[Source records]

- - - - -

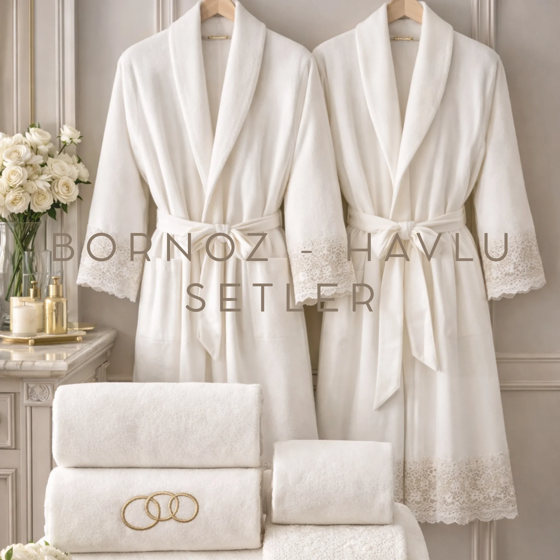 Zebra Casa Elenor Balayı Bornoz Seti-Krem
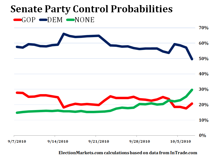 At the same time, the market is not expressing great confidence in the Republicans ability to control 51 seats (remember that under this contract, only a Joe Miller victory would accrue to the Republicans in determining control).
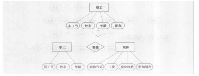 以下图为例:“职工”是一个实体,“职工号、姓名、年龄”是职工的属性,“职称”如果没有与“工资、文位津贴、福利”挂钩,换句话说,没有需要进一步描述的特性,则根据准则 1 可以作为职工实体的属性。
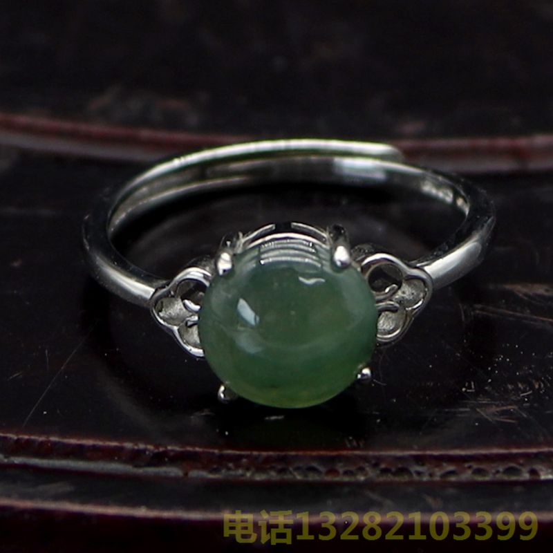 A货翡翠面银戒指
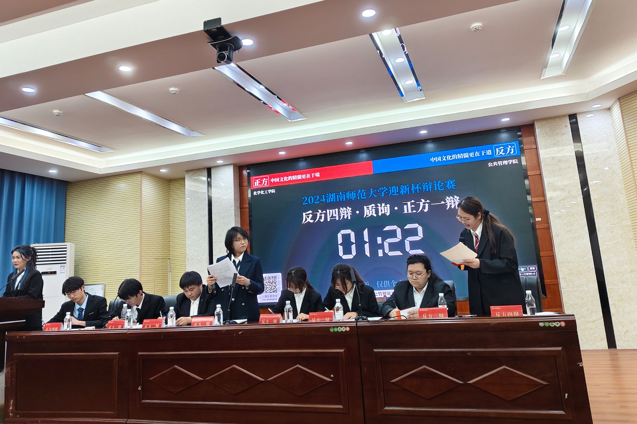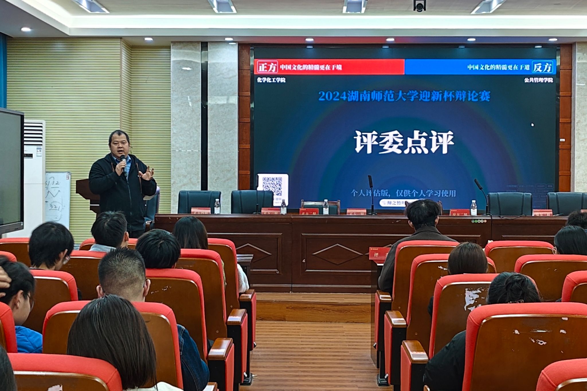 (通讯员 黄小耘)12月8日晚,伟德国际1949辩论队在景德楼学术报告厅参加2024迎新杯辩论赛决赛。2022级新闻与传播学院张馨怡担任此次活动的主持人。参与此次活动的成员有化工院院团委书记张婧,2024级辅导员兼辩论队指导老师朱伟鹏,2024级辅导员孙文涛,长沙市侨联青年委员会会长李文及各大高校参赛团。参赛双方分别是化工院辩论队和公共管理学院辩论队。

- - - - -

## Exercise prompt
Set all of the records down once more, letter for letter, with the images removed.

## Response to this task
 Zebra Casa Elenor Balayı Bornoz Seti-Krem
 At the same time, the market is not expressing great confidence in the Republicans ability to control 51 seats (remember that under this contract, only a Joe Miller victory would accrue to the Republicans in determining control).
 以下图为例:“职工”是一个实体,“职工号、姓名、年龄”是职工的属性,“职称”如果没有与“工资、文位津贴、福利”挂钩,换句话说,没有需要进一步描述的特性,则根据准则 1 可以作为职工实体的属性。
 A货翡翠面银戒指
 (通讯员 黄小耘)12月8日晚,伟德国际1949辩论队在景德楼学术报告厅参加2024迎新杯辩论赛决赛。2022级新闻与传播学院张馨怡担任此次活动的主持人。参与此次活动的成员有化工院院团委书记张婧,2024级辅导员兼辩论队指导老师朱伟鹏,2024级辅导员孙文涛,长沙市侨联青年委员会会长李文及各大高校参赛团。参赛双方分别是化工院辩论队和公共管理学院辩论队。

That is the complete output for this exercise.